Лемяшевичу рассказал о том, как она жила в это время, Данила Платонович. Старому учителю Наталья Петровна потом призналась, что по дороге сюда заезжала к родителям на Смоленщину и те очень уговаривали её оставить малышку у них, пока все устроится, наладится, дальше отойдет фронт. Отец её работал председателем райисполкома, и условия у него были получше, хотя по его району тоже прошел огонь войны. Но и родителям своим она не хотела доверить дочку. А вернее — сама не представляла себе жизни без нее. Она могла все перенести, все выдержать, любые трудности и любые мучения. Но одного она, безусловно, не пережила бы — смерти дочери, живой частицы человека, которого гак любила… И потому Наталья Петровна ни на один день не соглашалась её оставить.

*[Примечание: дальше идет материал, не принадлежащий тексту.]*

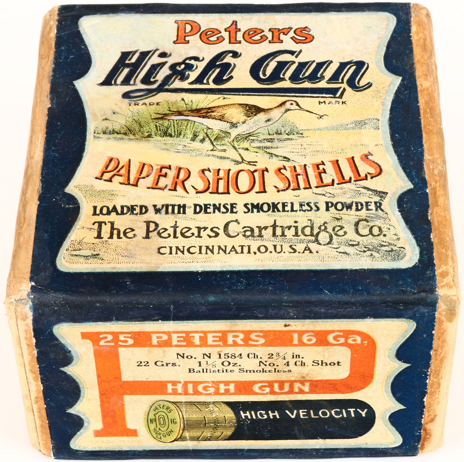 Peters Cart. Co., HIGH GUN, 16ga, 2pc., FULL & Professionally RESEALED/Restored, shot size 4CH Shot, buff box with multi colored picture of Snipe, Ballisite Smokeless, box with great color to label. * Grade: Excellent + - Value: 1000 to 5000

Но в то же время она ехала в страшное и опасное место. Даже заведующая райздравом, которая, отчаявшись, молила бога, чтоб он послал ей хоть какого-нибудь инвалида-фельдшера для постоянной работы в Криницах, и которая полчаса подряд целовала Наталью Петровну от радости, когда узнала, что она настоящий врач с дипломом и приехала в такое время по собственному желанию, — даже эта женщина, увидев ребенка, стала отговаривать её и предложила остаться в райцентре или поехать в деревню побогаче.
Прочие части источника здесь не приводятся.